For this exercise, write out the full listing that follows exactly and skip its pictures.

• _Exercise data_:
**********

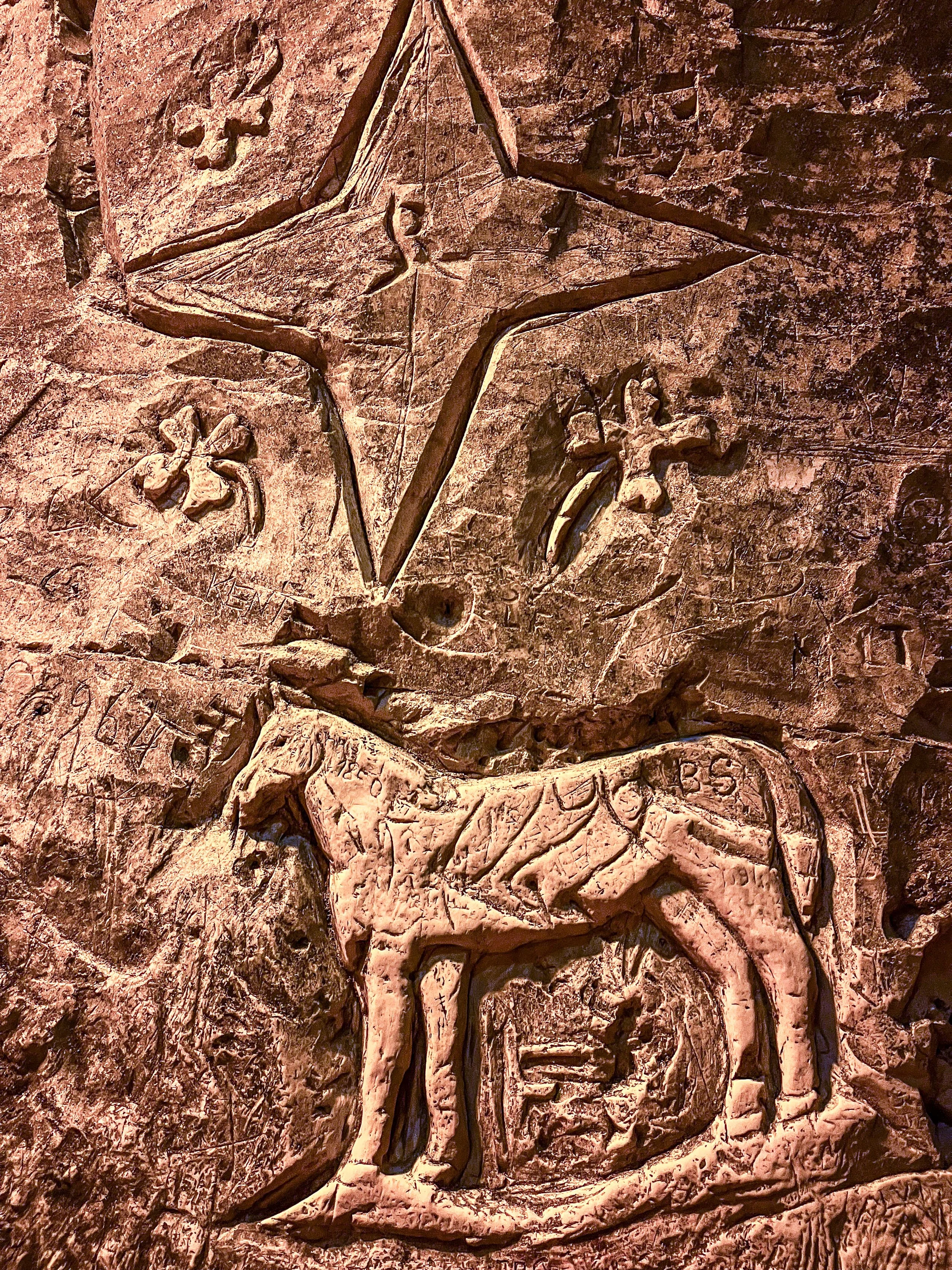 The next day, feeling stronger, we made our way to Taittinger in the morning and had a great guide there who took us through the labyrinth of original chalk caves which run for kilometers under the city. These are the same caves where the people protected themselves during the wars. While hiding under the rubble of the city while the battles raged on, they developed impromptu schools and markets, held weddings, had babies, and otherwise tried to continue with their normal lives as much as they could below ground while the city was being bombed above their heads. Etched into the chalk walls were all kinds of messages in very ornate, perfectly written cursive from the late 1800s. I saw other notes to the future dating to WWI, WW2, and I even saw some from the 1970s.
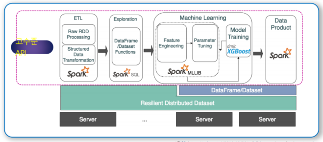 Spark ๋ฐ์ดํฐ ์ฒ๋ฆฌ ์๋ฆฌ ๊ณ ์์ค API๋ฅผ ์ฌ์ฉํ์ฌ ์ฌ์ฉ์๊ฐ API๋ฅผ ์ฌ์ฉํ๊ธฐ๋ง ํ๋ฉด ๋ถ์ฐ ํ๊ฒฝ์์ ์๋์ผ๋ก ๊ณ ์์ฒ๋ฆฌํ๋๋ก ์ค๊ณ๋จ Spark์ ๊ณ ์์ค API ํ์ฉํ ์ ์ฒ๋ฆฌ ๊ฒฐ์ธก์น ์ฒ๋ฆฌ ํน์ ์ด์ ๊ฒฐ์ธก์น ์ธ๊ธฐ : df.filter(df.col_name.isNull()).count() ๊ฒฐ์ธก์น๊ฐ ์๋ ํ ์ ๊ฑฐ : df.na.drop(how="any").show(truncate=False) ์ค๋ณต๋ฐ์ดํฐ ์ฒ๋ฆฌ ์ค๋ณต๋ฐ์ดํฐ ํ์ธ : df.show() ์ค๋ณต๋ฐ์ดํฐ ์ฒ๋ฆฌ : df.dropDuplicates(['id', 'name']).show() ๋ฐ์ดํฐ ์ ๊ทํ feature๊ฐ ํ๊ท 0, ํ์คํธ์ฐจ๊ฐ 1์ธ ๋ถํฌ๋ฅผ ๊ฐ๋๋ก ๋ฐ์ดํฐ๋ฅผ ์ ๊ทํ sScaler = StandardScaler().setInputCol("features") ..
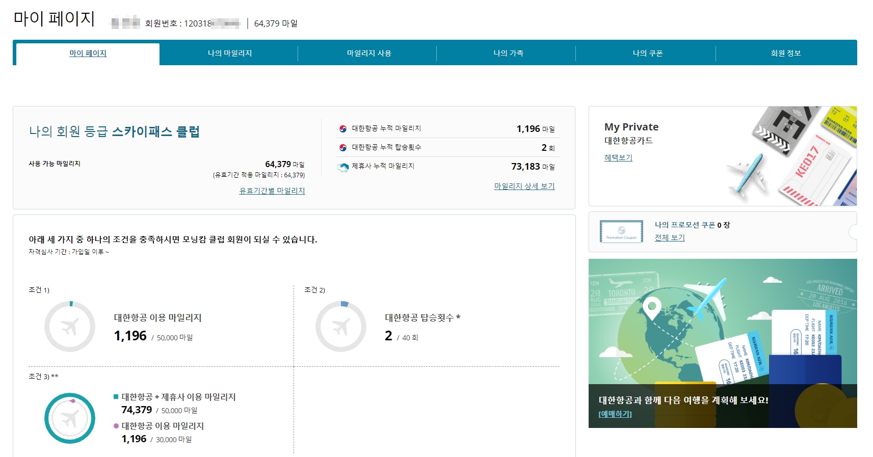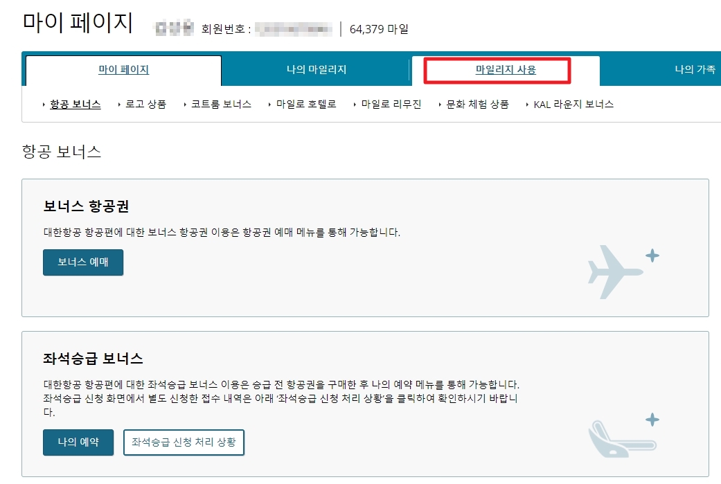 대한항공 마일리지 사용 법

**********

• _Answer to this task_:
 The next day, feeling stronger, we made our way to Taittinger in the morning and had a great guide there who took us through the labyrinth of original chalk caves which run for kilometers under the city. These are the same caves where the people protected themselves during the wars. While hiding under the rubble of the city while the battles raged on, they developed impromptu schools and markets, held weddings, had babies, and otherwise tried to continue with their normal lives as much as they could below ground while the city was being bombed above their heads. Etched into the chalk walls were all kinds of messages in very ornate, perfectly written cursive from the late 1800s. I saw other notes to the future dating to WWI, WW2, and I even saw some from the 1970s.
 Spark ๋ฐ์ดํฐ ์ฒ๋ฆฌ ์๋ฆฌ ๊ณ ์์ค API๋ฅผ ์ฌ์ฉํ์ฌ ์ฌ์ฉ์๊ฐ API๋ฅผ ์ฌ์ฉํ๊ธฐ๋ง ํ๋ฉด ๋ถ์ฐ ํ๊ฒฝ์์ ์๋์ผ๋ก ๊ณ ์์ฒ๋ฆฌํ๋๋ก ์ค๊ณ๋จ Spark์ ๊ณ ์์ค API ํ์ฉํ ์ ์ฒ๋ฆฌ ๊ฒฐ์ธก์น ์ฒ๋ฆฌ ํน์ ์ด์ ๊ฒฐ์ธก์น ์ธ๊ธฐ : df.filter(df.col_name.isNull()).count() ๊ฒฐ์ธก์น๊ฐ ์๋ ํ ์ ๊ฑฐ : df.na.drop(how="any").show(truncate=False) ์ค๋ณต๋ฐ์ดํฐ ์ฒ๋ฆฌ ์ค๋ณต๋ฐ์ดํฐ ํ์ธ : df.show() ์ค๋ณต๋ฐ์ดํฐ ์ฒ๋ฆฌ : df.dropDuplicates(['id', 'name']).show() ๋ฐ์ดํฐ ์ ๊ทํ feature๊ฐ ํ๊ท 0, ํ์คํธ์ฐจ๊ฐ 1์ธ ๋ถํฌ๋ฅผ ๊ฐ๋๋ก ๋ฐ์ดํฐ๋ฅผ ์ ๊ทํ sScaler = StandardScaler().setInputCol("features") ..
 대한항공 마일리지 사용 법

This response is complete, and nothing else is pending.